Personal information
- Full name: Andrew Jonathan Morrell
- Date of birth: 28 September 1974 (age 51)
- Place of birth: Doncaster, England
- Height: 5 ft 11 in (1.80 m)
- Position: Striker

Youth career
- Nuneaton Borough

Senior career*
- Years: Team / Apps / (Gls)
- 1997–1998: Newcastle Blue Star
- 1998–2003: Wrexham / 109 / (40)
- 2003–2006: Coventry City / 98 / (17)
- 2006–2008: Blackpool / 78 / (21)
- 2008–2010: Bury / 73 / (18)
- 2010–2014: Wrexham / 113 / (25)
- 2014–2018: Tamworth / 28 / (4)
- 2018: Redditch United / 1 / (1)

Managerial career
- 2011–2014: Wrexham
- 2014–2018: Tamworth
- 2020: Hednesford Town

= Andy Morrell =

English football player and manager

Andrew Jonathan Morrell (born 28 September 1974) is an English former professional footballer. A striker, Morrell played 359 games in the Football League for Wrexham, Coventry City, Blackpool and Bury, scoring 96 goals.

Initially handed the manager's role on an interim basis at Wrexham, after Dean Saunders left to manage Doncaster Rovers, Morrell was given the job until the end of the season after a run of seven wins in nine games, he continued his playing career serving as a player-manager, leaving the position in February 2014 after two and a half years as manager with a win record at over 52%.
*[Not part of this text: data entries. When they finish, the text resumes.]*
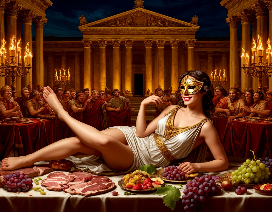 Достаточно представить такую картину: вы, римский достопочтенный патриций, прибываете на честной пир - в компании жены-матроны.
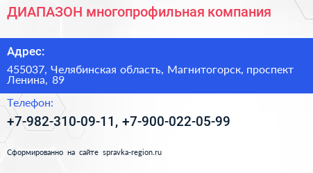ДИАПАЗОН, многопрофильная компания по адресу 455037, Челябинская область, Магнитогорск, проспект Ленина, 89 в дальнейшем Организация, размещена в следующих категориях:
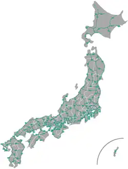 As Vias Expressas Nacionais do Japão compõem a maioria das autoestradas do país. A rede possui uma ligação ininterrupta entre Prefeitura de Aomori, no norte de Honshu, e a Prefeitura de Kagoshima, no sul de Kyushu, ligando Shikoku também. Vias expressas adicionais servem os viajantes em Hokkaido e em Okinawa, embora aqueles que não estão conectados à rede Honshū-Kyūshū-Shikoku. A rede de autoestradas do país tinha um comprimento total de 8 730 km em 2005.[42]

Morrell has also served as assistant manager at Shrewsbury Town.

==Career==

===Newcastle Blue Star===
Born in Doncaster, South Yorkshire, and brought up in Market Bosworth, and attending Twycross House School, he played for the Leicestershire County Cricket Club from under-15 to under-19 level. He started his football career as a youth team player at Nuneaton Borough, before deciding to make the move north to Northumbria University, Newcastle upon Tyne to study Sports science. It was then that he started playing for Newcastle Blue Star making 31 appearances scoring 25 times in his season.

===Wrexham===
Morrell's first big break came when he started talking to Sky Sports presenter Rob McCaffrey, who was helping to write the autobiography of Joey Jones, Wrexham's first-team coach at the time. McCaffrey arranged for Morrell to have a trial at the club. After a week's trial he was kept on at Wrexham and was coached by their striking coach Ian Rush, from whom he learnt a great deal. With his new strike partner Lee Trundle he scored 34 league goals in 45 games in the 2002–03 season, making him top scorer in all four divisions that year, having only scored two goals the entire previous season.

===Coventry City===
After a very impressive spell with Wrexham, Morrell caught the eye of Coventry City manager Gary McAllister, who signed him on a free transfer in the summer of 2003. Morrell scored nine goals in 19 starts in his first season with Coventry; however, this decreased to six goals the following season following a transition to a wide midfield position. McAllister's replacement, Micky Adams, told Morrell he would be a squad player. Morrell challenged himself to make the first team, working hard in pre-season to make himself as fit as possible. Morrell was not named in the matchday squads for the first three games of the 2006–07 season.

===Blackpool===
Blackpool manager Simon Grayson contacted Micky Adams about Morrell's availability, and the striker was allowed to discuss a possible move. Morrell signed for Blackpool on a free transfer on 15 August 2006. He initially struggled to hold a place in the team, but on 16 September he scored his first goal for the club, a last-minute equaliser in a 2–2 draw at home to Oldham Athletic which began a run of consistent appearances.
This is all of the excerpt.